Collected data entries

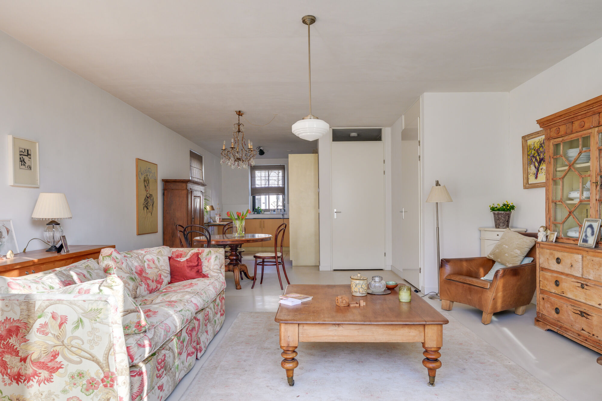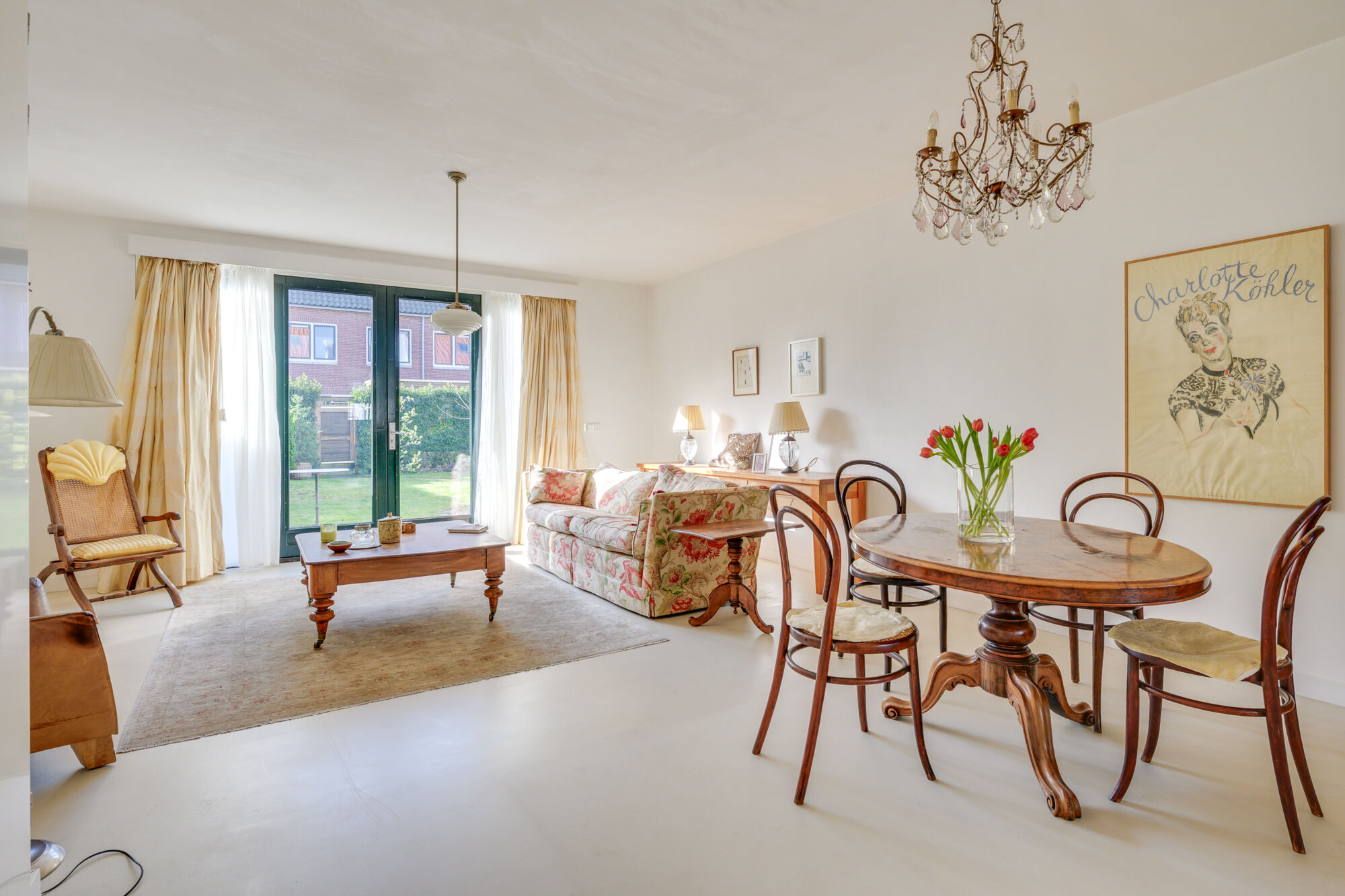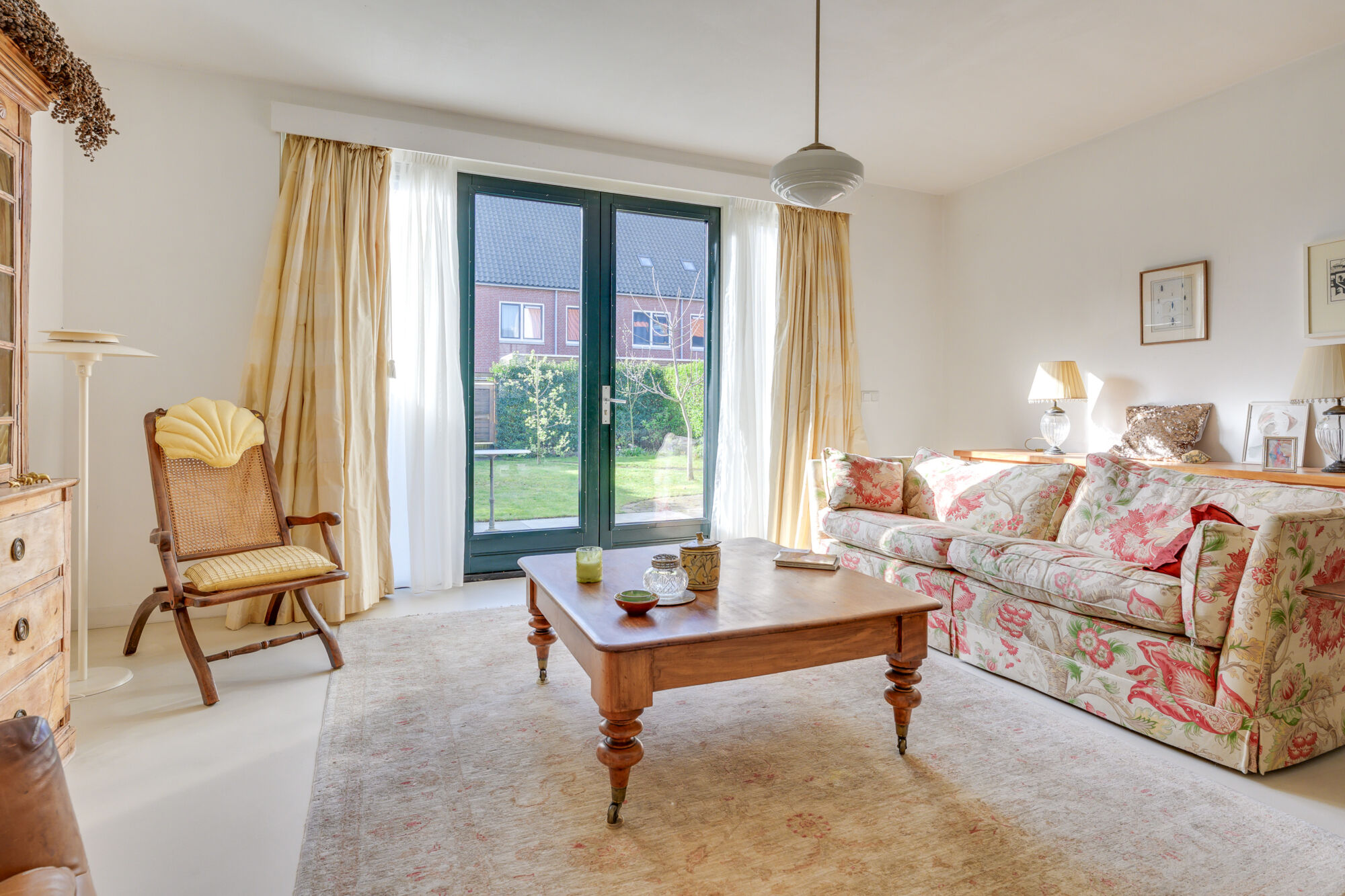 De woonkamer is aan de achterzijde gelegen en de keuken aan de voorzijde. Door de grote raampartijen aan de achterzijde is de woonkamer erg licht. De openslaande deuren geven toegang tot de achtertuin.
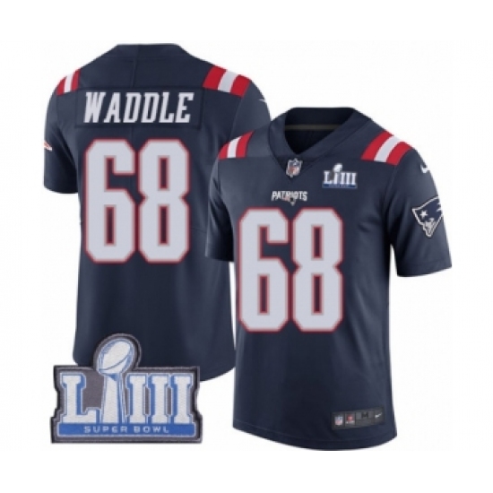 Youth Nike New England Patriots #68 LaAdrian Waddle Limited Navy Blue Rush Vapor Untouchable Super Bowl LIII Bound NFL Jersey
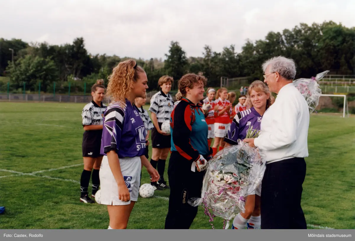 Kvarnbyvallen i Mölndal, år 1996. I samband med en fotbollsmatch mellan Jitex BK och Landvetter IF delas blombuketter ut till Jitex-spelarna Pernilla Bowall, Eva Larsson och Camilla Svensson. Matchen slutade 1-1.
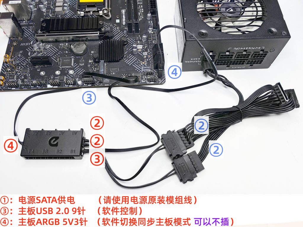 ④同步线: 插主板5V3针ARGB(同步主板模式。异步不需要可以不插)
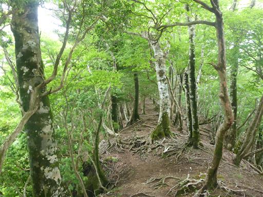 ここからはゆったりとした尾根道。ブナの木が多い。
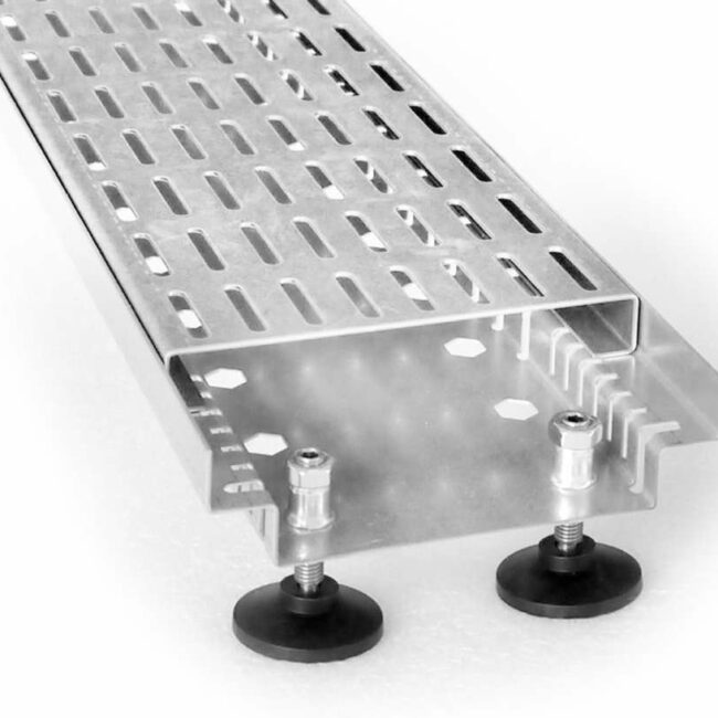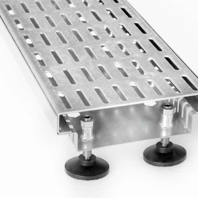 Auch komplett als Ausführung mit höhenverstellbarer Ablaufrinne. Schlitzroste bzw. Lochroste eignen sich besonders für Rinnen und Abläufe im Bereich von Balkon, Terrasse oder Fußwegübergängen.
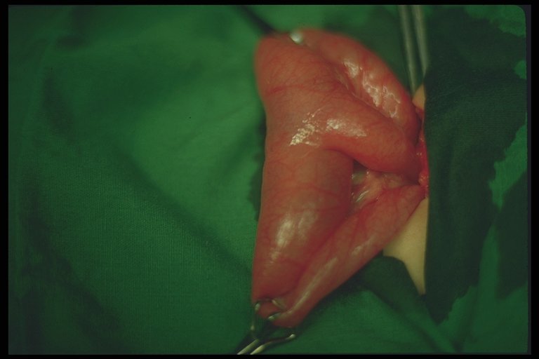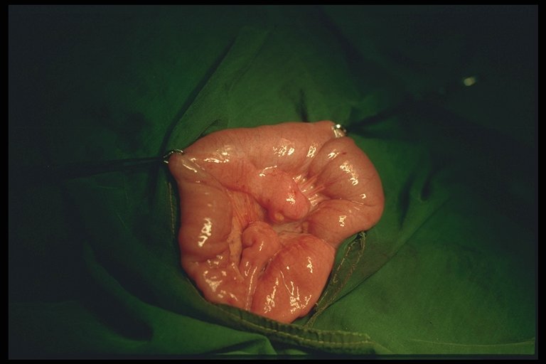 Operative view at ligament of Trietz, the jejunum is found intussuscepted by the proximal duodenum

--

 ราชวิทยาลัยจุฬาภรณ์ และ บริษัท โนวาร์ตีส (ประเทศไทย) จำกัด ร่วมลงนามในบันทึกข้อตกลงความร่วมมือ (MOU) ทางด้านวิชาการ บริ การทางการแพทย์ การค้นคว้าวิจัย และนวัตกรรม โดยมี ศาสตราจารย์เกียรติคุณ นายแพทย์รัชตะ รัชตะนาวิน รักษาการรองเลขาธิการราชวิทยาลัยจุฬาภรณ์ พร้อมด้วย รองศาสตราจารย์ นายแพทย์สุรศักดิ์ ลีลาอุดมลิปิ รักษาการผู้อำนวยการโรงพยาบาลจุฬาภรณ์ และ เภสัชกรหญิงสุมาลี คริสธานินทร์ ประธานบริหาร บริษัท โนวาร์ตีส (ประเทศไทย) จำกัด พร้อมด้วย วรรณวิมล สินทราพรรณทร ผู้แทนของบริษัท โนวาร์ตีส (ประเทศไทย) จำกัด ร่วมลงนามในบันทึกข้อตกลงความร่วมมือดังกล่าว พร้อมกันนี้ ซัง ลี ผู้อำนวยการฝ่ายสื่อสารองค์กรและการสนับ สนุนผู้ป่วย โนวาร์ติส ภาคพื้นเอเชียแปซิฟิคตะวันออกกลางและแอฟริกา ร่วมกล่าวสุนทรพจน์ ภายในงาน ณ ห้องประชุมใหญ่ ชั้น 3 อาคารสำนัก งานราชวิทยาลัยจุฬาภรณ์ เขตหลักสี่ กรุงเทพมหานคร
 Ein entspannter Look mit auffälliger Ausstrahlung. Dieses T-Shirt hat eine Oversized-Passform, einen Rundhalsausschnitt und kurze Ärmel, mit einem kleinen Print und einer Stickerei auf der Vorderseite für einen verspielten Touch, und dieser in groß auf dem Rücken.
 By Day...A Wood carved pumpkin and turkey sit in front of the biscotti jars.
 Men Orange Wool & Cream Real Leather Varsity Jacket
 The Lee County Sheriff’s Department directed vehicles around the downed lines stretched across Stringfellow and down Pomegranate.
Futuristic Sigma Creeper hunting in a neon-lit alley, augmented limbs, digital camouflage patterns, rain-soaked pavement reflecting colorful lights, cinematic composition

TASK INSTRUCTIONS:
Within these entries, output exactly the lines starting at the one with "De woonkamer is" and finishing at the one with "Youth Nike New". Leave pictures out of the output.

EXERCISE OUTPUT:
 De woonkamer is aan de achterzijde gelegen en de keuken aan de voorzijde. Door de grote raampartijen aan de achterzijde is de woonkamer erg licht. De openslaande deuren geven toegang tot de achtertuin.
 Youth Nike New England Patriots #68 LaAdrian Waddle Limited Navy Blue Rush Vapor Untouchable Super Bowl LIII Bound NFL Jersey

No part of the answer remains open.